Two Chautauqua County Paramedics spoke to us to break down the basics of CPR and explain why this knowledge is so important.











“What happens when you call 9-1-1, someone on the other side in Chautauqua County, we actually have certified CPR emergency medical dispatchers, they will walk you through CPR,” explained both paramedics Charlene Unger and Billy Furlow.

Being able to administer CPR quickly is crucial during an emergency, especially in a cardiac case like Damar Hamlin’s. 

“CPR is important because of the fact that it could take your local fire department between five to ten minutes to arrive on scene, if not longer.

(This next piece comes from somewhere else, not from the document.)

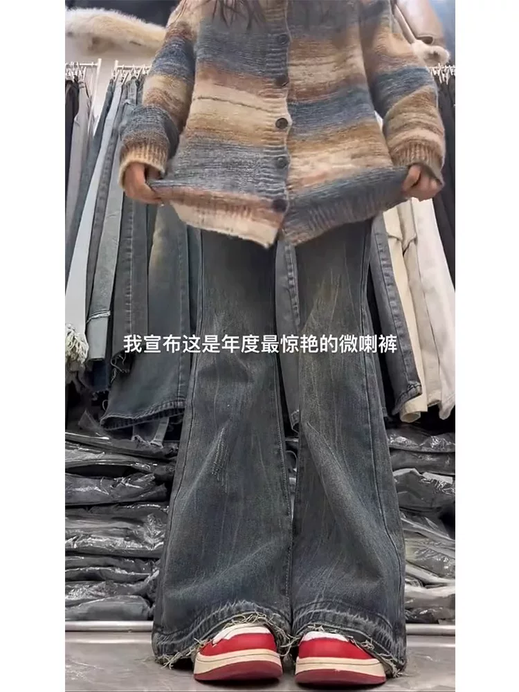 - Quần jean ống rộng màu xanh retro không bó sát dành cho nữ trong mùa thu đông, quần ống loe dáng rộng cạp cao, cỡ lớn, giúp thon gọn
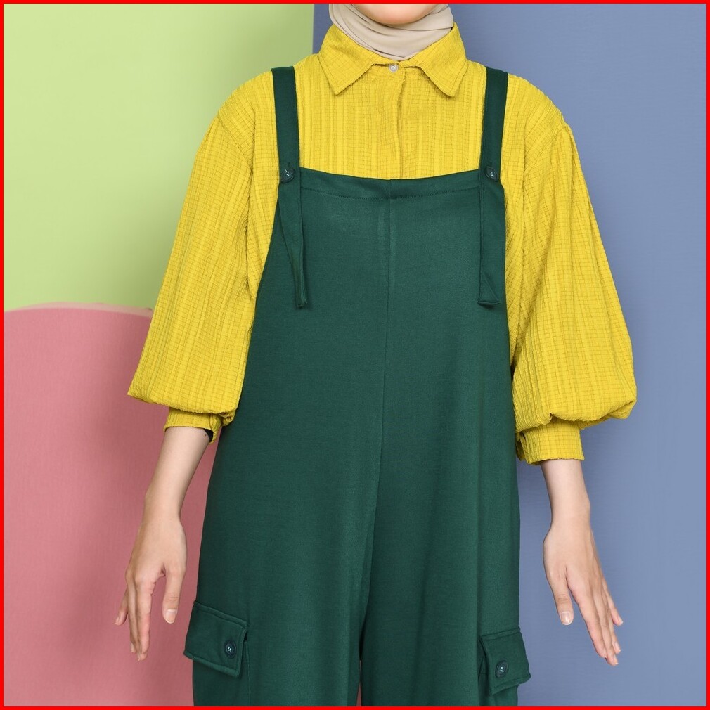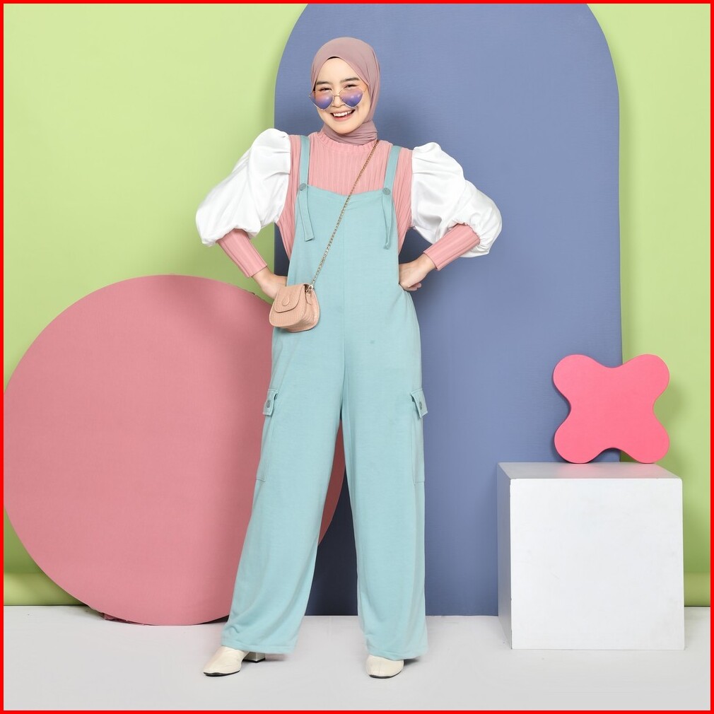 Mybamus Thara Loose Overall Cargo - Jumpsuit Muslim - Baju Kodok Korea - Jumpsuit Kulot Kargo

Every minute that passes by, 10 percent of cells to your brain actually dies,” explained Unger.









The first step to beginning CPR is simple, but important nonetheless.

“First, you verify that they are unresponsive. You want to actually get up and ask ‘sir, sir, are you okay’, and if they don’t respond you want to check for a pulse. You don’t want to check for a pulse any longer than 10 seconds,” said Furlow.

If no pulse is felt, the paramedics say it is time to spring into action.

“After you check for a pulse and there is no pulse, you want to first get them on a hard surface. Then you want to find your mid sternum and you want to put the heel of your hand and then take your other hand, you can either interlock your fingers or do hand by hand, and then basically you want to push,” Unger said.





















The two explain that the goal is 100 to 120 compressions per minute, and you can use songs to help you keep count.

“What that can be if you think about songs, a song that comes to mind just because I have children, is Baby Shark,” said Unger.